▶ WORK ITEM
Return the lines of the data below, from the one containing "乙部 寧予さんの外格は17画の4点!" through the very last, exactly and with both ends included; no pictures.

[Stored items]
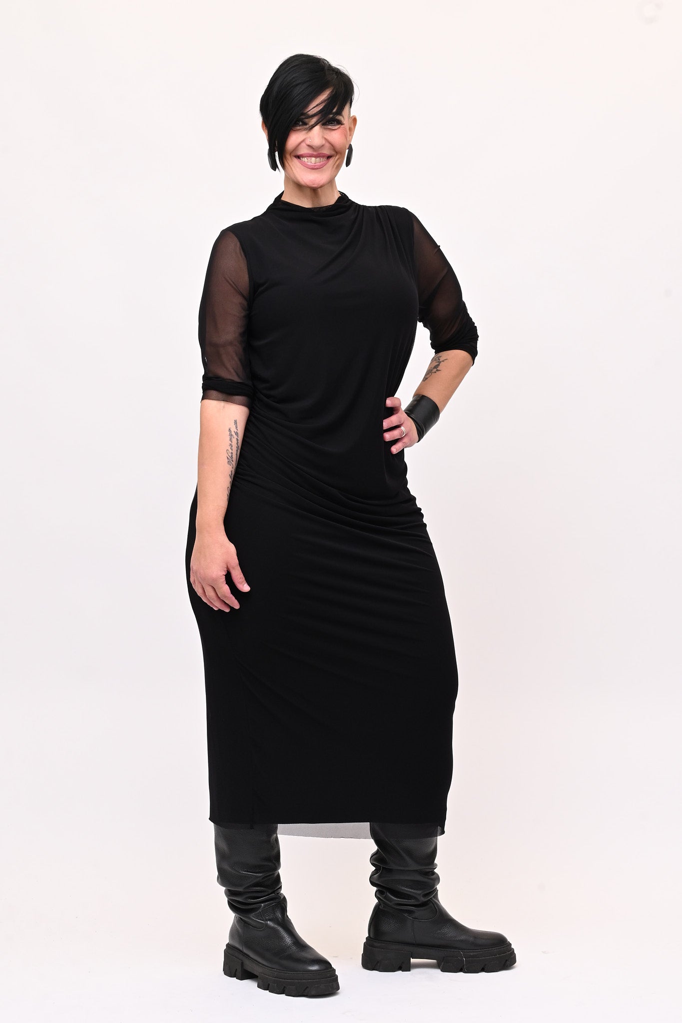 Abito mezzo collo e manica lunga con arricciature sulla spalla e sul fianco. Il capo presenta un doppio strato in tessuti diversi per evitare che risulti trasparente. Sexy, audace e casto allo stesso tempo, un must have per chi non vuole passare inosservata.
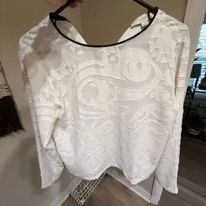 Elegant white top with intricate texture. Ideal for chic occasions.
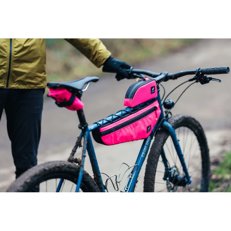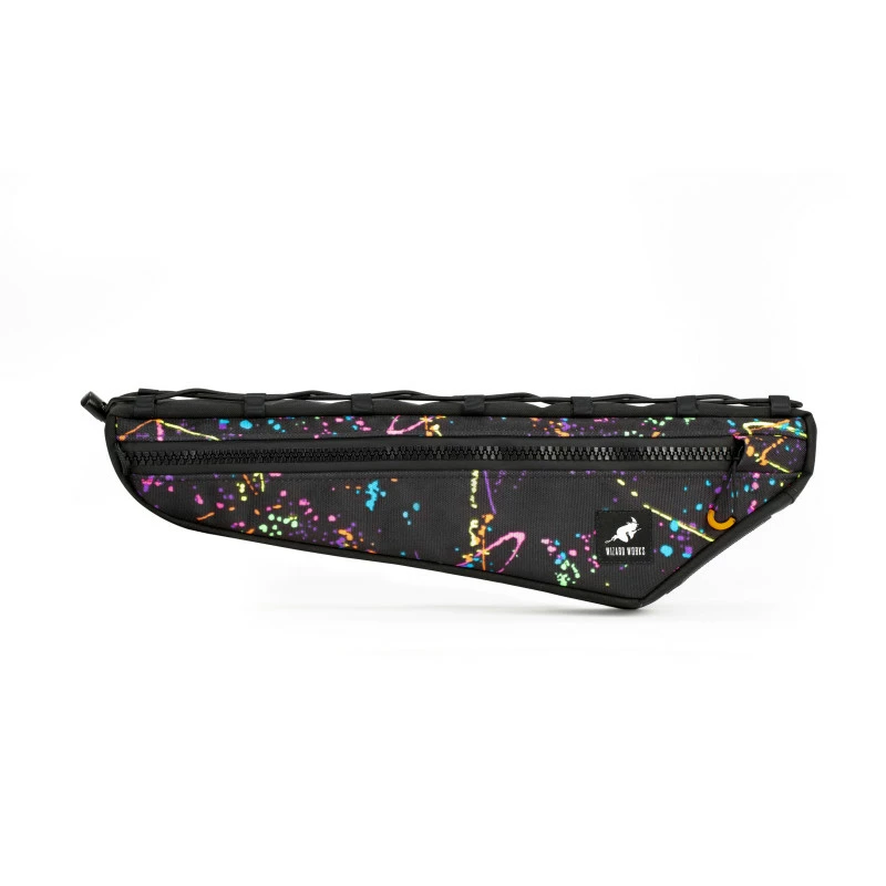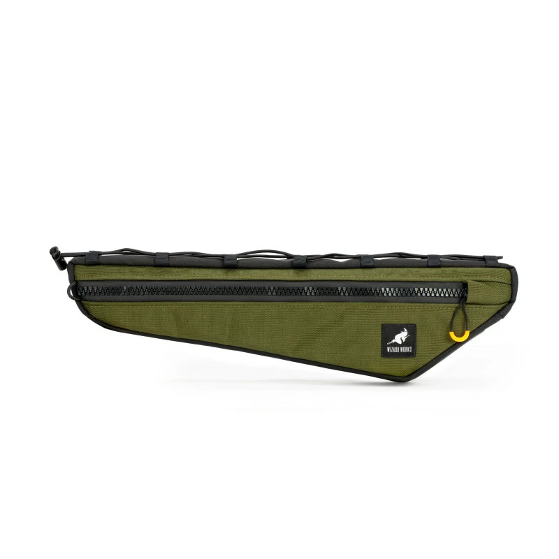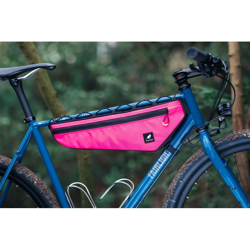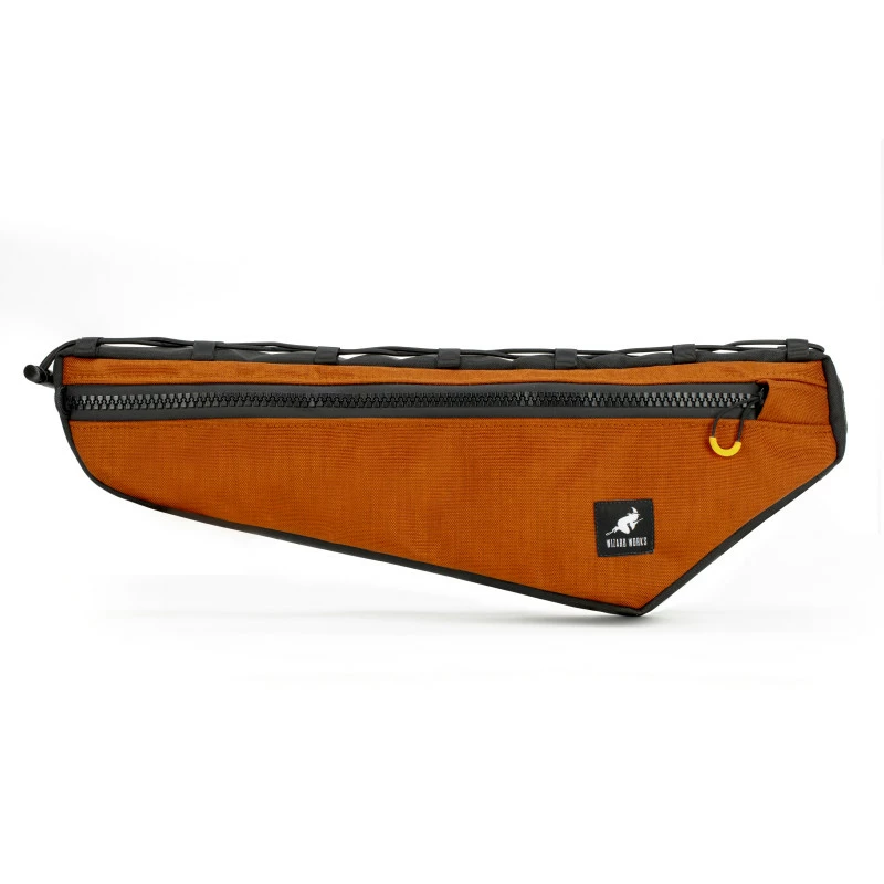 Sacoche de cadre de la marque anglaise Wizard Works. Se fixe à l’aide d’une ficelle et de straps sur le cadre pour un maintien franc. Une sacoche qui permet de mettre de la nourriture et de petits objets lourds. Fermeture robuste pour une ouverture efficace tout en roulant.
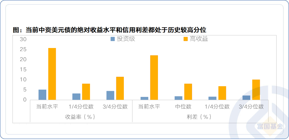 大类资产配置的指针转向了美债,但相较而言,中资美元债还多了一层信用修复的价值,当前中资美元债的绝对收益水平和信用利差都处于历史较高分位,未来的配置价值显现。
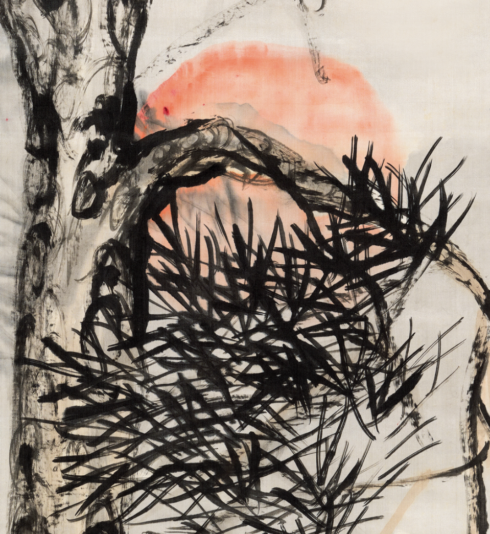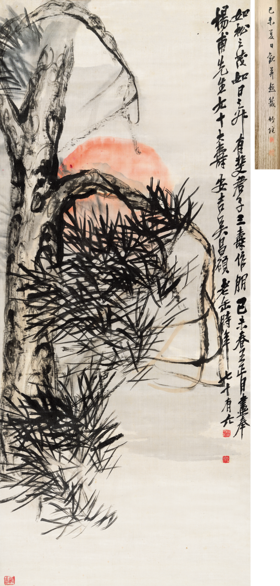 估价:RMB 1,800,000-2,800,000【题识】如松之茂,如日之升,有斐君子,三寿作朋。己未春王正月画奉杨甫先生九十大寿,安吉吴昌硕老缶时年七十有六。1.上款人「杨甫」应为杉山杨甫。杉山杨甫,长崎一家历史悠久的日式酒家「迎阳亭」的主人,「迎阳亭」自江户以来被政府官员以及夏目漱石等许多文化名人光顾。此幅《松旭寿图》为吴昌硕76岁所作,他画的松确有寒风骤至,真龙腾空的气概,总能体现出刚直不阿,昂首挺拔的气节。与其80岁以后所画的松作相比,多的是润泽、俊秀与挺拔。笔墨坚实,勾了之物恰似人的壮年。画面上一棵松不作屈曲,用浓墨深墨画松针、写鳞片,枝叶错落,有聚有散。背后升起的旭日,色泽温润,构图巧妙,似置身于山顶看到的日出,惟妙惟肖,一种「卓然而立」的气魄跃然纸面。益显郁勃古朴,苍劲浑雄,真可谓:笔端飒飒生清风,解衣盘礡吾画松,是时春暖冰初解,砚池墨水腾蛟龙。殊为难得之佳作。吴昌硕爱梅的坚强不屈,爱兰的孤高、淑静,爱竹的高风亮节,爱菊的凌寒傲霜,更爱松的不向秋风低头的顽强。这些皆源自他个人的品性与修养,与他高傲倔强的性格相吻合。此幅作品最为突出的是旭日的升起,用顶天立地的松加以衬托以求其势,「如松之茂,如日之升」此作为杨莆先生贺九十大寿所做,画面松树枝干盘曲,似虬龙伸展,寄托画家的浩然之气。虽乱头粗服,却气足墨酣,内藴深厚,多书法意味,富金石之气。其曾题诗云「笔端飒飒生清风,解衣盘礡吾画松。是时春暖冻初解,砚池墨水腾蛟龙。」深含「造化相通」的蓬勃之气。
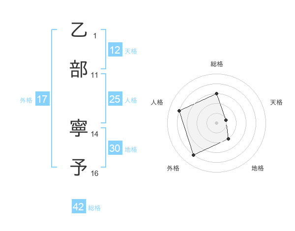 乙部 寧予さんの外格は17画の4点!
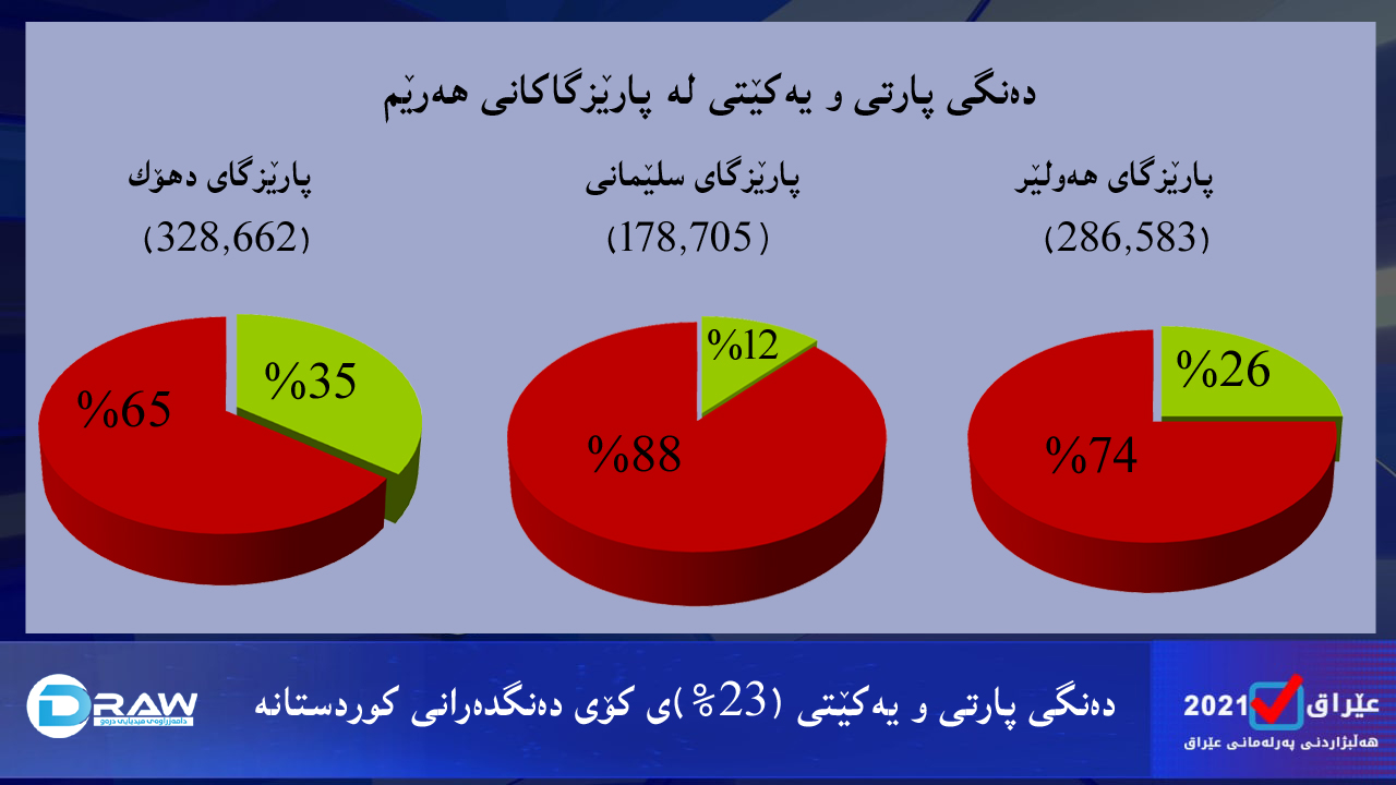 ?لە هەولێر(26%)، لە سلێمانی (12%)، لە دهۆك (35%)ی دەنگیان بە پارتی و یەكێتی داوە
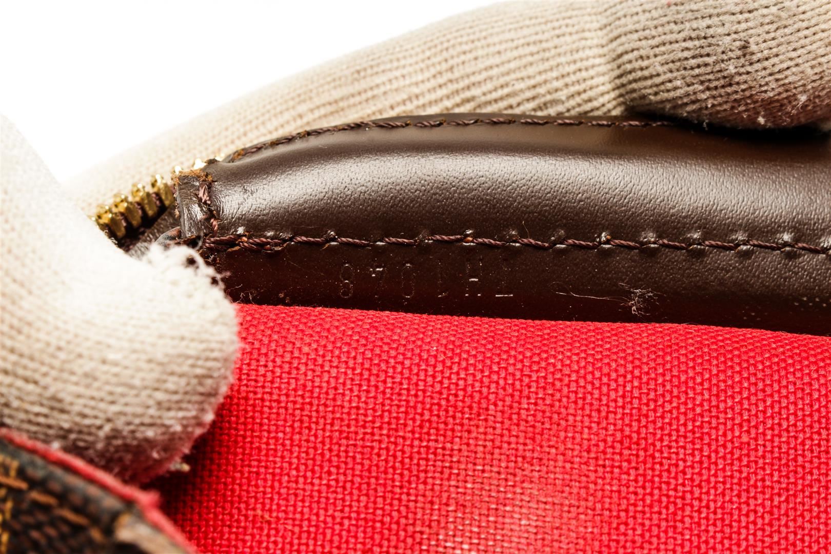 Louis Vuitton Damier Ebene Canvas Leather Chelsea Tote Bag. All available information is listed in the description and shown in the photos. Brown and tobacco Damier Ebene coated canvas Louis Vuitton Chelsea tote bag with gold-tone hardware, brown leather accents, dual flat shoulder straps, red canvas interior, single zip pocket at interior wall and zip closure at top. 16.5"x5.5"x10.5"xBag Drop:12.25"/41.9cmx13.9cmx26.6cmxBag Drop:31.1cm

▶ OUTPUT FOR THIS EXERCISE
 乙部 寧予さんの外格は17画の4点!
 ?لە هەولێر(26%)، لە سلێمانی (12%)، لە دهۆك (35%)ی دەنگیان بە پارتی و یەكێتی داوە
 Louis Vuitton Damier Ebene Canvas Leather Chelsea Tote Bag. All available information is listed in the description and shown in the photos. Brown and tobacco Damier Ebene coated canvas Louis Vuitton Chelsea tote bag with gold-tone hardware, brown leather accents, dual flat shoulder straps, red canvas interior, single zip pocket at interior wall and zip closure at top. 16.5"x5.5"x10.5"xBag Drop:12.25"/41.9cmx13.9cmx26.6cmxBag Drop:31.1cm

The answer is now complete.